> _Task details_:
Print exactly the lines below between the line holding "Un chile poblano" and the line holding "- ★ DEEP IMPACT", inclusive, and nothing more.

> _Stored dataset items_:
━━━

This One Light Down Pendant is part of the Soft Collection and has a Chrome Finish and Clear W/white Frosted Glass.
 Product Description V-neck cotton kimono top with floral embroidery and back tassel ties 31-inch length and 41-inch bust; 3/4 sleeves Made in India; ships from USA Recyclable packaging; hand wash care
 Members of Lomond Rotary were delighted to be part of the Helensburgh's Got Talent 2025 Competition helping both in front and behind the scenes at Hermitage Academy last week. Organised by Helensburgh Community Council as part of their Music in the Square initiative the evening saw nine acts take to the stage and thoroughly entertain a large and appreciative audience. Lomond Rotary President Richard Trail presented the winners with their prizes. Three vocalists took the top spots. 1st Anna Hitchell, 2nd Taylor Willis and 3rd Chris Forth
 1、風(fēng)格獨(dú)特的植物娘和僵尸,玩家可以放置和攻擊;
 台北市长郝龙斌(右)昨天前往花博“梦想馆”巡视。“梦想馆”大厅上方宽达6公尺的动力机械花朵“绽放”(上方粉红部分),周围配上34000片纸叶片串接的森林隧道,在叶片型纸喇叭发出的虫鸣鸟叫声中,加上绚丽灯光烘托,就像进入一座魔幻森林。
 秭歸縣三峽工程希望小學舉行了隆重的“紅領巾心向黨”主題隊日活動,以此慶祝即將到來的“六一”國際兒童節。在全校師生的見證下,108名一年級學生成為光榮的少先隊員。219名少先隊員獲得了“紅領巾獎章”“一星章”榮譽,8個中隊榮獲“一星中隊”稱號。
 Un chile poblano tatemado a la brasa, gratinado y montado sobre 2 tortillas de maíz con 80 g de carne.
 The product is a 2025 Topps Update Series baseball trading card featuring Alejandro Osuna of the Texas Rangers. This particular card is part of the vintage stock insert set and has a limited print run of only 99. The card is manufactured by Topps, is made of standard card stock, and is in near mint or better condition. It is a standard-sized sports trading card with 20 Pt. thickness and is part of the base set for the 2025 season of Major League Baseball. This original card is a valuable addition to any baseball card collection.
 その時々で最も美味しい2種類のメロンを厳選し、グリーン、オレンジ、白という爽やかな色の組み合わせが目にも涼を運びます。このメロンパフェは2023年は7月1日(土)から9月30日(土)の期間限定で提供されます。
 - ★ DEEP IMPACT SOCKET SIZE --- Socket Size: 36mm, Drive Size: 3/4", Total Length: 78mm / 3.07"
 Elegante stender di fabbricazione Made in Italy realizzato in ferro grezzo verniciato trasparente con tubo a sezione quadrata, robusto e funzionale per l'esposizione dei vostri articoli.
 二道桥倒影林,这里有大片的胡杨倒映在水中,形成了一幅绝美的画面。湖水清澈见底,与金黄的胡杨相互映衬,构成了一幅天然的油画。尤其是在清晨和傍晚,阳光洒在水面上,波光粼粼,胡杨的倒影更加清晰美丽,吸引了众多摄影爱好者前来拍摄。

━━━

> _Response area_:
 Un chile poblano tatemado a la brasa, gratinado y montado sobre 2 tortillas de maíz con 80 g de carne.
 The product is a 2025 Topps Update Series baseball trading card featuring Alejandro Osuna of the Texas Rangers. This particular card is part of the vintage stock insert set and has a limited print run of only 99. The card is manufactured by Topps, is made of standard card stock, and is in near mint or better condition. It is a standard-sized sports trading card with 20 Pt. thickness and is part of the base set for the 2025 season of Major League Baseball. This original card is a valuable addition to any baseball card collection.
 その時々で最も美味しい2種類のメロンを厳選し、グリーン、オレンジ、白という爽やかな色の組み合わせが目にも涼を運びます。このメロンパフェは2023年は7月1日(土)から9月30日(土)の期間限定で提供されます。
 - ★ DEEP IMPACT SOCKET SIZE --- Socket Size: 36mm, Drive Size: 3/4", Total Length: 78mm / 3.07"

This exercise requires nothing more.